# Workshop on Geometry Software

Math 241
Spring 2015
Professor: Mike O'Sullivan

### Week 3: Algebra and Geometry

First Day:

We started by graphing lines. We reviewed slope-intercept, and point-slope, equations for a line. We also looked at the standard form, a*x+b*y=c, and parametric equations for a line. Here is an example of a parameteric equation X= (2,3) + t*(-1,5). This line goes through the point (2,3) and has direction vector (-1,5) so its slope is -5. We also explored what happens when you look at a family of lines, say y=m*x+5 as m varies.

We graphed parabolas using the standard form y=m*x^2+b*x+c and the form y= m*(x-p)^2+q . In both cases m indicates the steepness of the parabola (larger m is steeper). As with lines, we experimented with families like 2*x^2+b*x+5 as b varies, or y= m*(x-2)^2+3 as m varies.

We also worked with linear and quadratic functions. If f and g are functions you can multiply them, add them, compose them, take derivatives, in a very natural way.

Assignment:
1. Create sliders for m, p, q . Write a function whose graph has vertex (p,q) and steepness coefficient m. Construct the point D on this parabola with x-coordinate 2. Using the derivative of your function, find the equation of the tangent line to the parabola at D. Vary each of the parameters p, q, m by itself and describe the behavior of the intersection point and tangent line in each case.

Second Day:

We talked about the intersection of a line with a parabola and observed that there may be 0 1 or 2 points in the intersection. There is 1 point in the intersection if the line is tangent. Algebraically, this corresponds to getting a root of multiplicity two when you substitute the equation for the line into the equation for the parabola. Having 0 points in the intersection corresponds to the substitution giving complex roots. We constructed the intersection points of the line and parabola and animated the slope of the line. This shows how the intersection points move as the slope changes.

We then looked at the intersection of a fixed line with a family of curves y^2=x^3+a*x. Animating a we see how the intersection changes as the cubic curve changes.

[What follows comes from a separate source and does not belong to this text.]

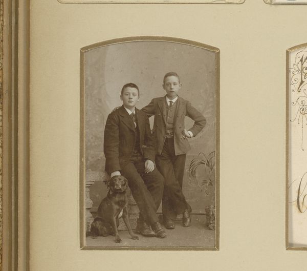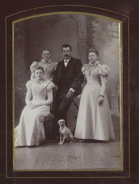 Curator: Looking at the gelatin silver print made somewhere between 1865 and 1896, currently held in the Rijksmuseum, we find Albert Dekema's “Portret van drie onbekende mannen en een hond”. Editor: My first thought is that dog has more character than the rest of the group combined. He’s definitely the focal point—alert, a little worried maybe? And I think those must have been some pretty stoic gentlemen. Curator: Yes, the dog does interrupt what is a highly structured composition. The tonal range within the gelatin silver print lends a certain depth. Observe how the three men, positioned at slightly different levels, create a triangular formation—a compositional technique that adds to the photograph’s inherent stability. Editor: It also traps them in place, though, doesn’t it? Everything’s so formal. It’s beautiful in its way—like an ancestor staring back at you from some slightly sadder dimension. But the backdrop is throwing me off, that decorative painting; its theatricality makes the whole thing feel strangely… staged. Curator: Precisely. The backdrop, while clearly artificial, provides context. Consider its relationship to the subjects’ formal attire; these visual cues tell us much about late 19th-century Dutch society and its concerns with representation and social class. The gelatin silver process also permitted greater detail. Editor: Right, every thread in those suits, every wrinkle. Even the dog's collar looks substantial. And their poses... a casual sort of leaning, each one touching some prop like they might bolt if they aren’t grounded somehow. They look like they are hiding their humanity behind props and convention. Maybe I am reading too much into it? Curator: Such layering can provide rich semantic opportunities. Do you find this interesting in relation to notions of collective identity? I agree. Editor: Absolutely. I can’t shake this feeling like I’m seeing a lost chord of history—one of those awkward moments before things turned messy. Anyway, the light is great. Curator: Indeed. It captures the spirit of the time in such a poignant and affecting method. Thank you for offering these valuable contextual notes on its content. Editor: Likewise. You’ve reminded me to examine more rigorously the architecture that defines every photo and piece of artwork that we see, which offers new methods of reading a composition, as always.

Finally, we worked on illustrating a standard precalculus problem: Inscribe a rectangle in a semicircle and investigate the area as the rectangle varies.

Assignment:
1. Create a worksheet for the intersection of y=x+1 with the family of curves y^2=x^3+a*x. Animate a and describe what happens to the intersection points as a varies. What is happening algebraically when you try to solve the equations to find the intersection points?
2. Finish the worksheet on the rectangle in semicircle. Animate the rectangle and show the area of the rectangle as you vary it. Describe the construction and the lessons learned from it for your students.